The exclusion criteria were: 1) Studies not evaluating any aspect of lower limb function. 2) Outcome measurement tools which are not PROMs. 3) Psychometric evaluation cannot be identified on the measures from the literature.
Stage 1. Data sources
In stage 1, a pool of possible measures was identified from a broad-based search of intervention studies. The following data sources were searched including Ovid MEDLINE, Ovid MEDLINE In-process, CINAHL, Embase, Web of Science, PubMed, National Health Service National Research Register, MRC Clinical Trials directory, Database of Abstracts of Reviews of Effects (DARE), Google scholar and the Cochrane Database of Systematic Reviews. The keywords used were leg, lower limb, hip, knee, ankle, foot, stroke, post stroke, cerebrovascular accident, CVA, cerebral haemorrhage, brain haemorrhage, haemorrhage, haematoma, hematoma, brain injuries, outcome measurement, outcome assessment, function (ing/al), activity, walking, transfers and mobility.
Stage 2. Study selection
The title was reviewed to identify potentially relevant studies. The abstract was then reviewed if the title was found to be relevant. When the abstract indicated relevance, the full text paper was retrieved and a final decision made about inclusion of the study. Initial selection was undertaken by the author and was then evaluated by a second reviewer; any areas of disagreement were discussed. Publications selected were restricted to those in the English language.

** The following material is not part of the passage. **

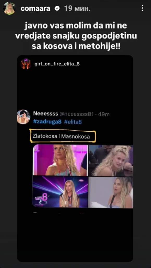 – Javno vas molim da mi ne vređate snajku gospođetinu sa Kosova i Metohije – napisala je Milica uz skrinšot objave sa društvene mreže “Iks”, gde su uporedili njene i Sofijine slikama, ali i nadimke koje su im dodelili – masnokosa i zlatokosa.

Measures were then excluded if they did not use a method of assessment reflective of ‘real-life’ function to measure day-to-day performance. In Stage 2, selected measures were considered to have ‘real-life’ relevance if they assessed day-to-day performance in the person’s normal environment, as opposed to performance when observed under test conditions (such as a standardised test in a clinic setting).
Stage 3. Data extraction and synthesis
In stage 3 a second systematic search was conducted, to enable evaluation of the published evidence for the psychometric properties of the selected measures, in addition to searching the reference lists of publications selected at stage 2. The COnsensus-based Standards for the selection of health status Measurement Instruments (COSMIN) checklist was applied in the study evaluation for assessing the methodological quality of the measurement instruments at stage 3 (18).
The names of measures identified in stage 2 were used as terms for a further search of the electronic databases to obtain original and any subsequent publications concerning their development and psychometric evaluation. MEDLINE, CINAHL and the reference lists of identified publications containing relevant outcome measures were then searched to identify further literature on the development of these outcome measures and their psychometric properties. Additional search terms used were: psychometric evaluation, testing, validity, reliability, application and clinical application. Authors of outcome measures were contacted for further details when required, in addition to searching the reference lists of the psychometric publications identified.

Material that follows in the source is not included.